▶ Assignment:
Copy each line of the following data that contains "prendas".
##### Dataset extract
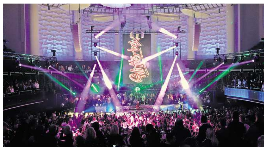
Ausgelassene Stimmung bei der Glitterbox.

„Es war ein Experiment, wir haben das Potenzial sogar unterschätzt. Deswegen kommen wir jetzt zum fünften Mal nach Hannover“, so Mousse T. „Es ist nicht nur ein gutes Stadtmarketing – wir wollen mit dem Format Hannovers Nachtleben nicht nur für
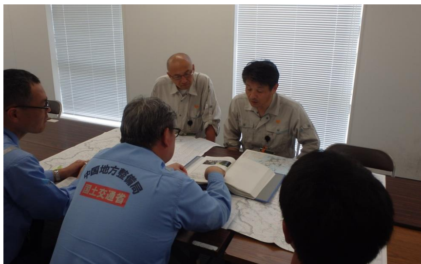
中国地整から東広島市担当者への調査結果の説明
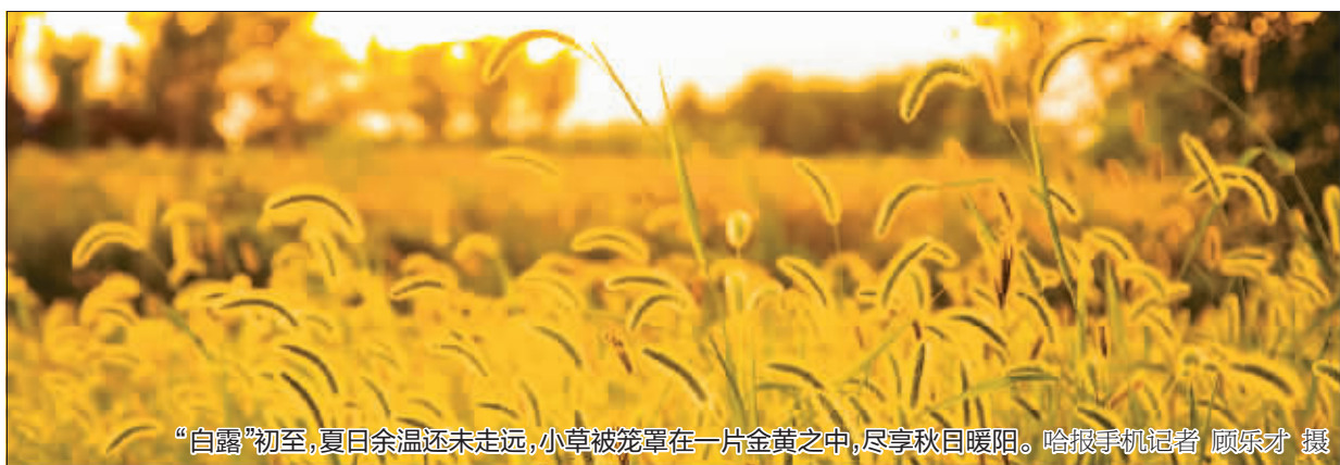
“白露”初至,夏日余温还未走远,小草被笼罩在一片金黄之中,尽享秋日暖阳。哈报手机记者 顾乐才 摄

新区公交公司对“敬老专线”的公交车长进行了专项培训,提出服务老年乘客时要做到上车不催促、唠叨不在意、帮助不迟疑、措施不松劲,并积极倡导乘客关心和帮助老年乘客,营造良好社会氛围。同时,还开展了医疗知识培训。
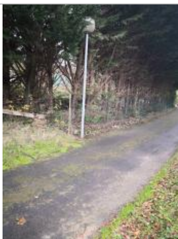
Berge rive droite
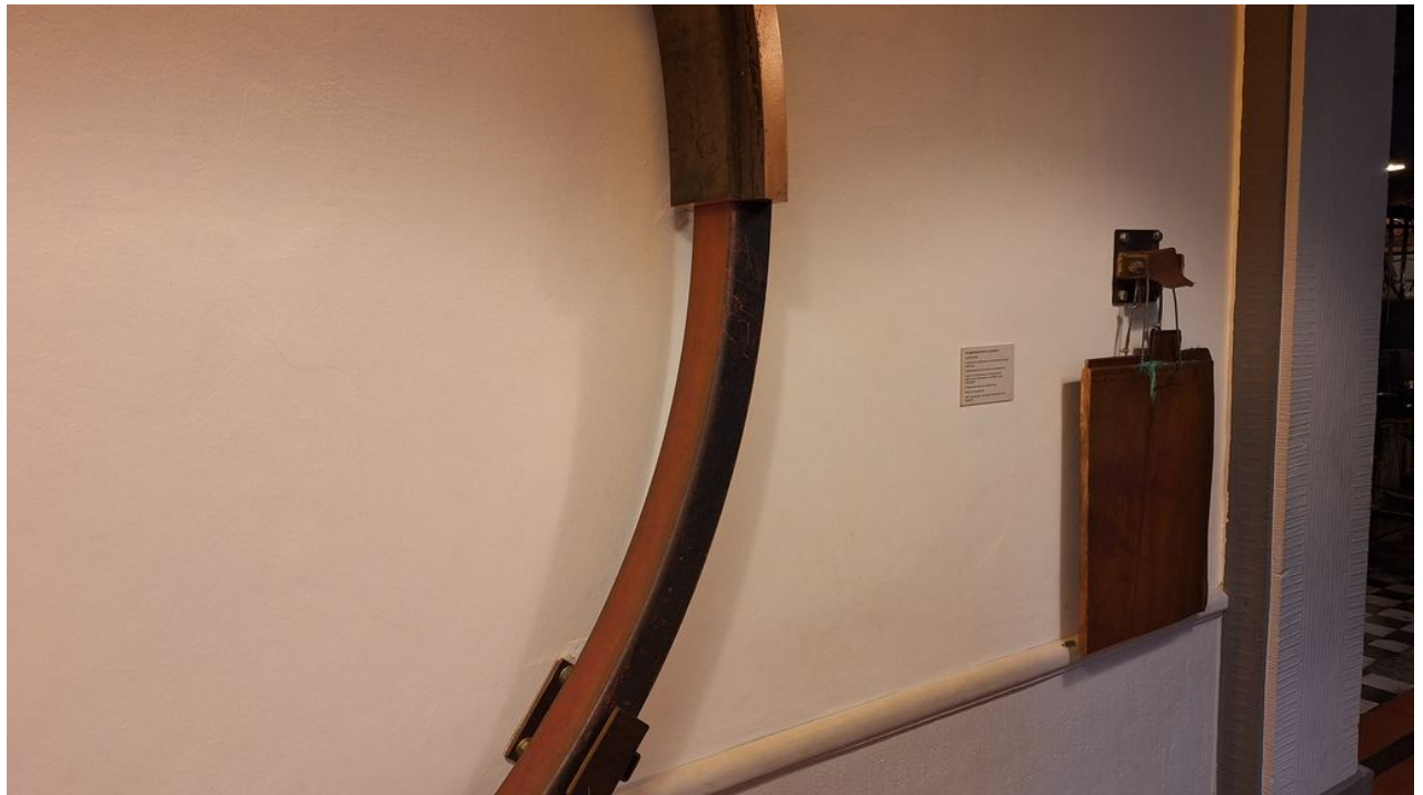
— Kupferschiene die zu Draht verarbeitet wird
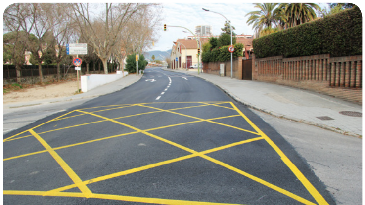
Millora del ferm de la carretera

La primera setmana de febrer la Diputació de Barcelona va asfaltar la calçada de la carretera de Cabrils en el tram comprès entre el pont de l'avinguda Carles III amb Lluís Companys fins al carrer Santa Maria.
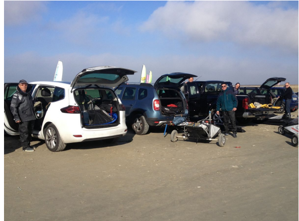
- rangement final -

- 15h45 : fin du roulage. Chacun range son matériel puis se dirige vers les locaux du club pour le classement final et la remise des prix. Cette année, le calcul du classement sera plutôt rapide (vu le nombre de pilote et surtout vu qu'un classement provisoire avait été calculé le midi). La remise des prix se fera au soleil encore !
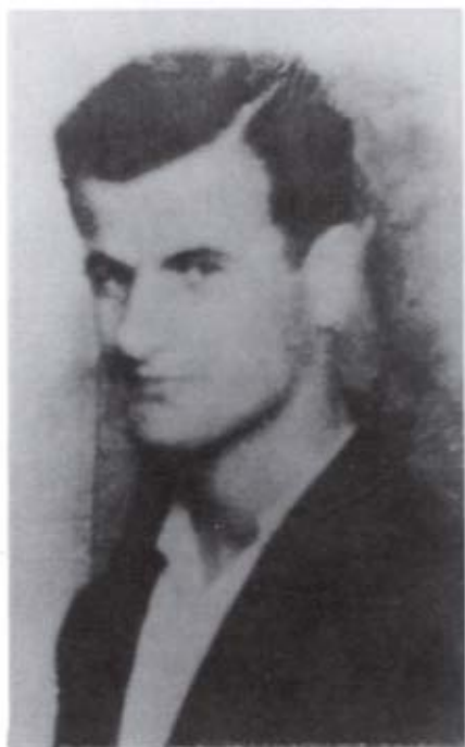
حافظ الأسد عام ١٩٤٧
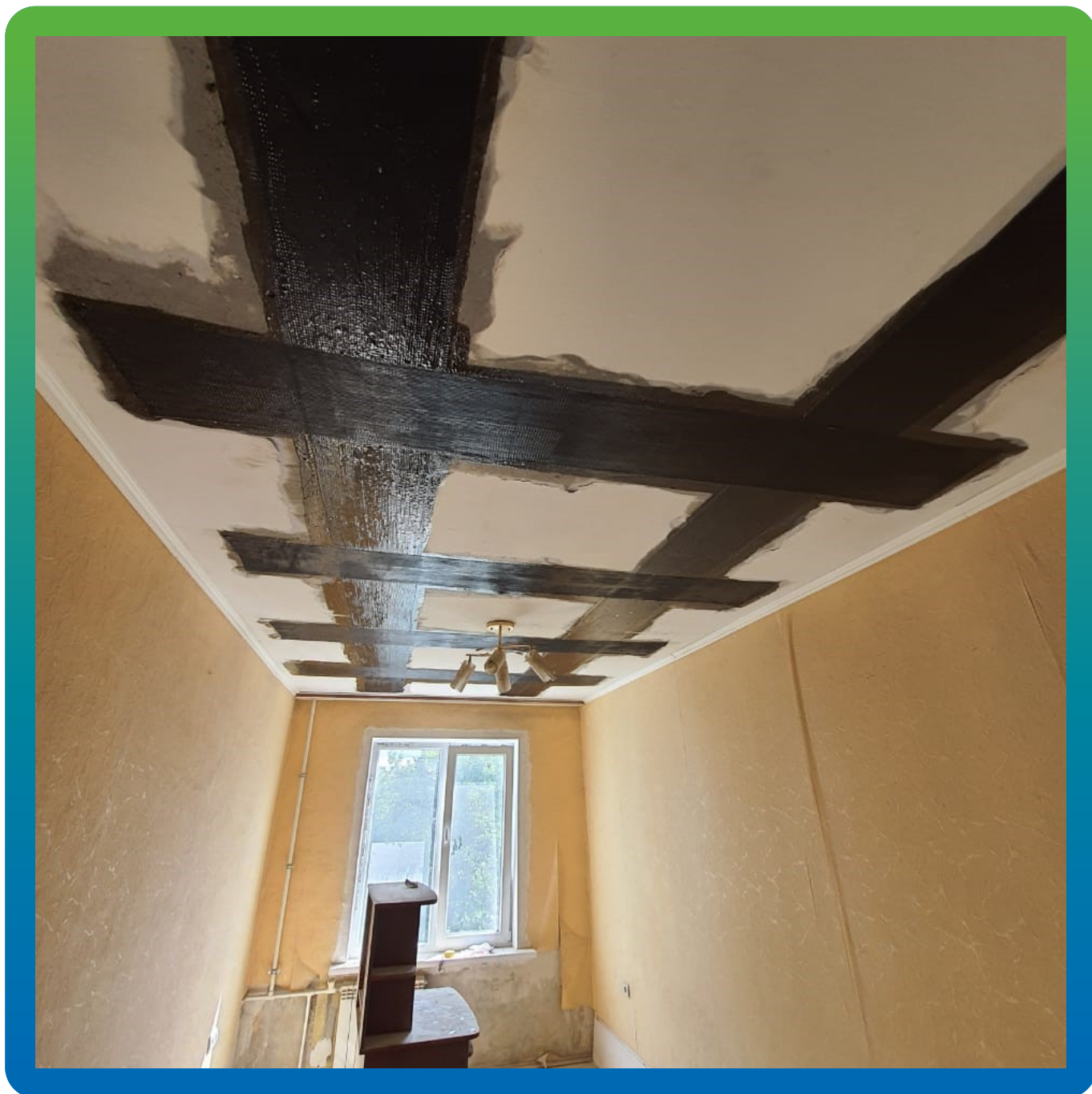
Монтаж КСУ на потолочных поверхностях
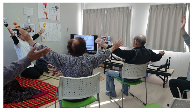
地域支え合いセンター 「みんなで体操」
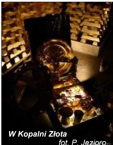
W Kopalni Złota
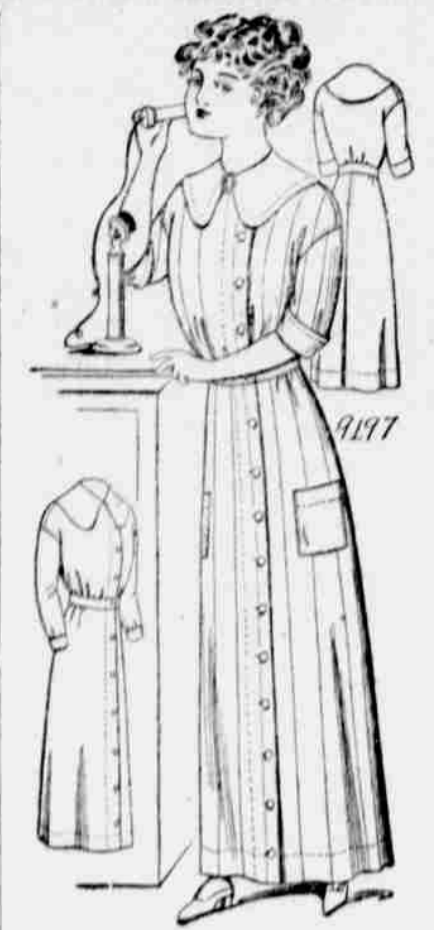
9197. — Damské domácí šaty. Velikosti: 34, 36, 38, 40 a 42 palce v prsou. Jest třeba 5 yardů 44-palcové látky pro velikost 36-palcovou.
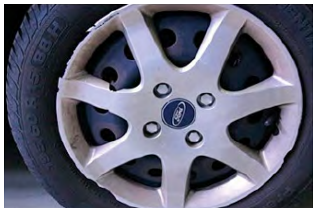
Scheuren in wioldoppen of ontbrekende onderdelen van wioldoppen.
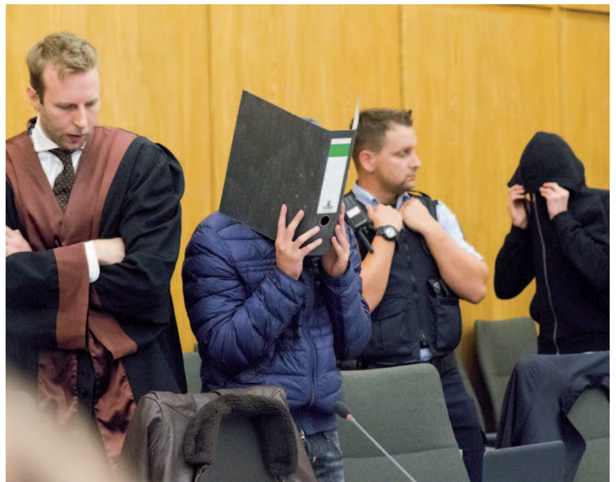
Das Strickmuster war immer gleich: Auf dem Rücksitz des Autos zwangen sie die 16-jährigen Schülerinnen zum Geschlechtsverkehr.

Eigentlich war alles so gelaufen wie immer. Einer der Jungs hatte mit einem Mädchen angebandelt und es – möglicherweise mit der Aussicht auf ein paar romantische Augenblicke – in sein Auto gelockt. Diesmal hatte man sich offenbar in Gelsenkirchen verabredet und es war auch nicht so, dass die 16-Jährige den Jungen nicht kannte. Vielleicht fand sie ihn nett, möglicherweise erhoffte sie sich mehr von der Begegnung. Jedenfalls hatte sie sich arglos auf den Beifahrersitz gesetzt und was dann geschah, endete für die Jugendliche in einem Alptraum.
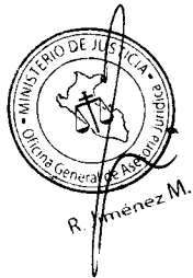
EDA A. RIVAS FRANCHINI Ministra de Justicia y Derechos Humanos
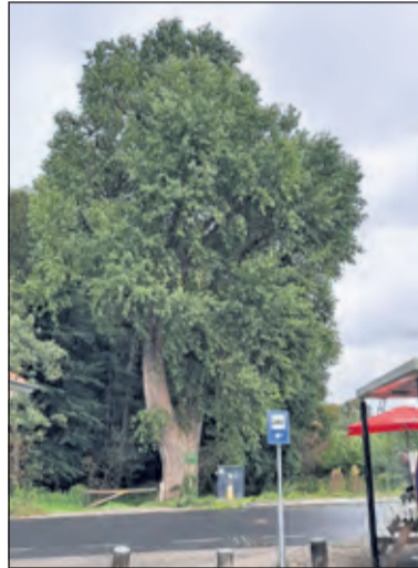
De zwarte populier in Hollandsche Rading.

Volgens Jørn Copijn betreft het hier een zwarte populier, officieel de Populus nigra : 'Een geweldige boom, een monument voor zijn omgeving. Meestal met een zeer goede standvastigheid, mits er niet te veel aan gesnoeid wordt. Dat de boom nu ca 70 jaar oud is kan goed mogelijk zijn. Dergelijke populieren zijn er weinig, omdat men in Nederland slecht tegen grote bomen kan'. Volgens gegevens van internet kunnen deze bomen wel 100 tot 150 jaar oud worden met uitschieters tot 300 jaar'.
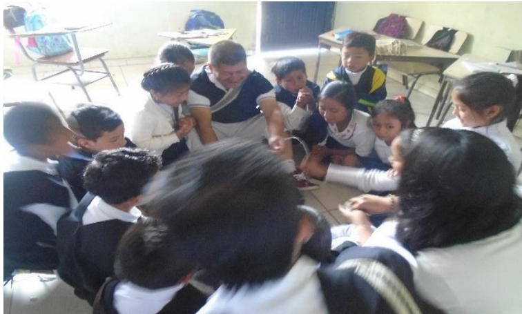
Figura 12. Interpretación y utilización de prendas para intercambiar saberes

Porque, los conectamos con la práctica que hacían antes los mayores y así mismo paso al interpretar el significado de los colores y las prendas del vestido propio.
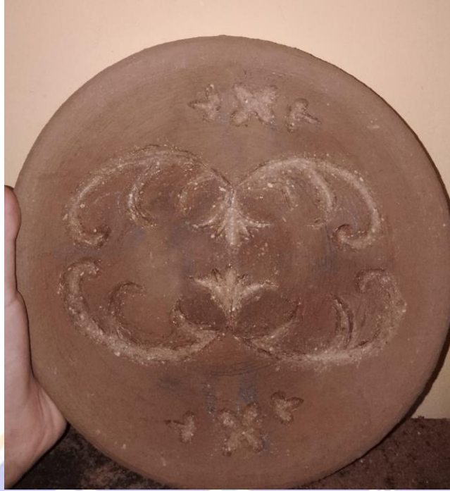
Gambar 15 Mengukir motif Batak Karo pada karya gerabah berjudul "Berseri"
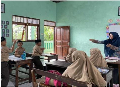
Gambar 2. Penerapan Media Talking Stick

Kereta Api", "Kalau Kau Suka Hati", dan "Bintang Kecil", di mana pada ketiga lagu tersebut, peserta didik yang memperoleh giliran adalah mereka yang memegang spidol saat lagu mencapai lirik bagian akhir. Peserta didik yang terpilih maju ada empat terdiri dari dua laki-laki dan dua perempuan.
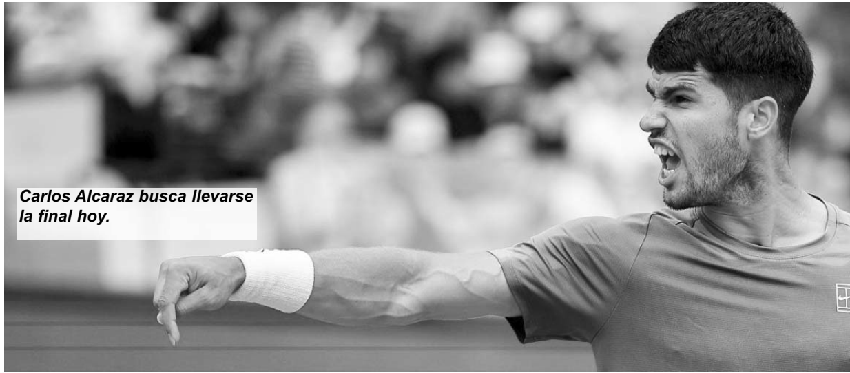
Carlos Alcaraz busca llevarse la final hoy.

De esta forma, Carlos Alcaraz enfrentará este domingo y desde las 16:00 horas al italiano Mussetti, en lo que promete ser una final emocionante.
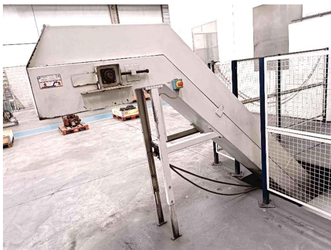
Extractor de virutas / Chip conveyor.
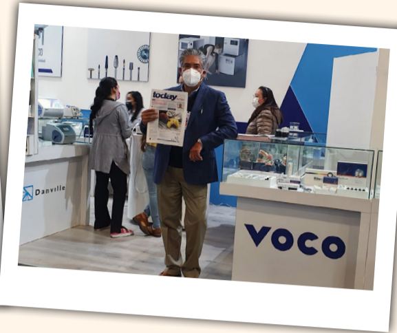
Un representante de Onipo, compañía que distribuye en México los productos de VOCO Dental, muestra el ejemplar del periódico "today" donde se publicó un anuncio de su nuevo barniz con sabor a piña colada.
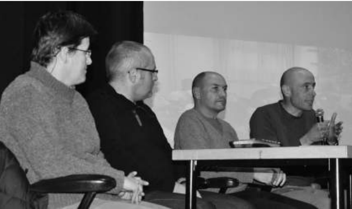
Ostiralean aurkeztu zuten kirol instalazioei buruzko parte hartze prozesua nola joan den.
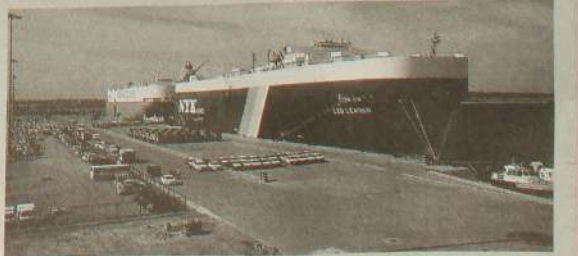
நீடித்த கலந்தாலோசனைகளையும், இணைந்த பங்களிப்புக்களையும், நன்மைகளைப் பகிர்ந்து கொள்வதையும் மக்களுக்கு பயன்களை வழங்குவதையும் பின்தொடர முடியும் எனவும் அவர் தெரிவித்தார்.

அம்பாந்தோட்டை துறைமுகத்தை இராணுவக் கண்ணோட்டத்துடனோ மூலோபாயப் பார்வையுடனோ யாரும் நோக்கத் தேவையில்லை என அரசாங்கம் அறிவித்துள்ளது. இரு தரப்புக்கும் இடையிலான புரிந்துணர்வின் அடிப்படையிலும் நன்மைகளின் அடிப்படையிலும் அம்பாந்தோட்டை துறைமுகத் திட்டம் நடைபெறுகிறது. அது உள்நாட்டில் சமூகப் பொருளாதார அபிவிருத்திக்கு பெரும் பங்களிக்கும். இந்தத் திட்டத்தை எப்படியும் நடைமுறைப்படுத்துவதற்கு இரு தர்ப்பும் உறுதியாக நாடியுள்ளோம் என சீன வெளிவிவகார அமைச்சின் பேச்சாளர் ஹுவா கன்யிங் தெரிவித்தார்.
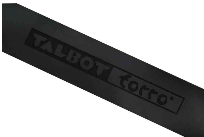
Sur-grip OVER GRIP
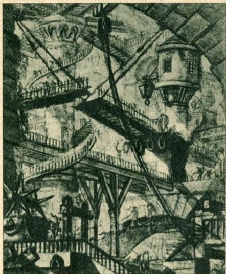
Piranesi: Börtönök c. sorozatából.
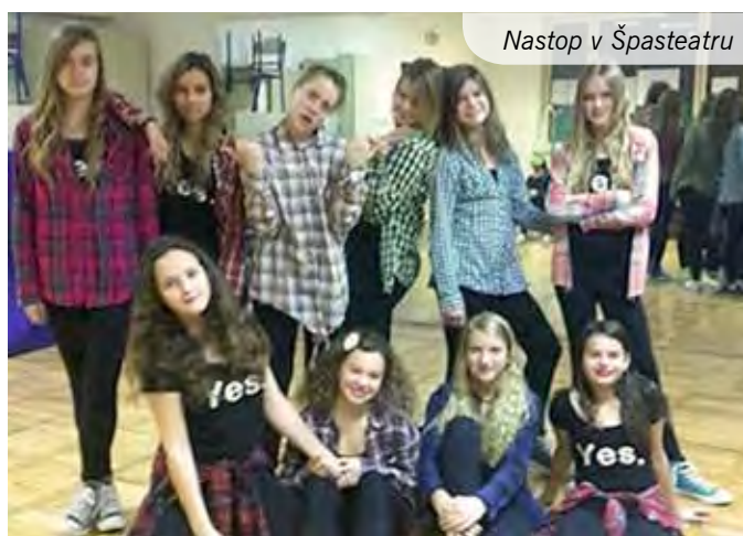
Nastop v Špateatru
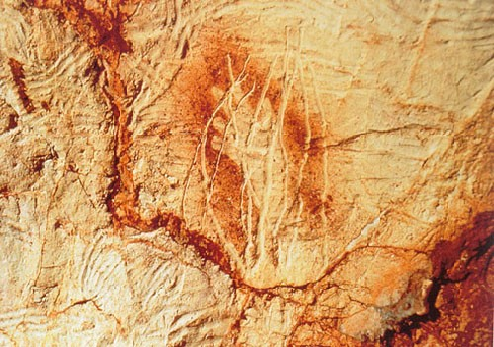
Grande salle paroi est - panneau des mains rouges - 27 000 ans avant le présent
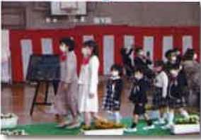
入学式もマスク着用で

学校生活では、休み時間をずらしたり、児童の帰宅後に机・椅子・ドアノブ・水道蛇口等、手の触れる部分の消毒などの感染予防対策を先生方が毎日行ってくださっています。
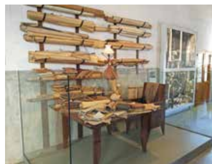
▼ Sagrada Família, Születés-kapu, részlet, Etsuro Sotoo
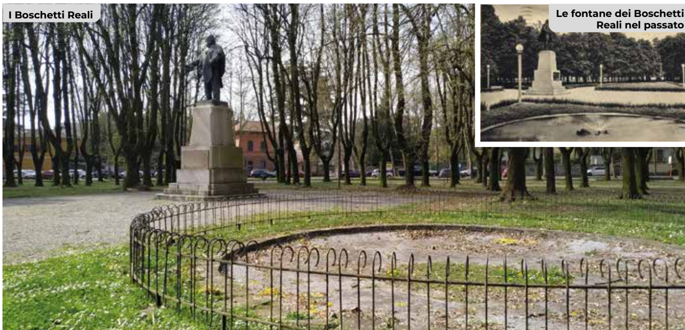
Le fontane dei Boschetti Reali nel passato
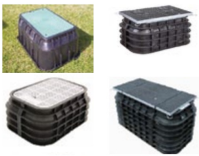
Figur 3: Bilder viser eksempler på trekkekummer

Eksempler på noen utforminger av Trekkekum
##########
▶ Answer below:
Figura 12. Interpretación y utilización de prendas para intercambiar saberes
Porque, los conectamos con la práctica que hacían antes los mayores y así mismo paso al interpretar el significado de los colores y las prendas del vestido propio.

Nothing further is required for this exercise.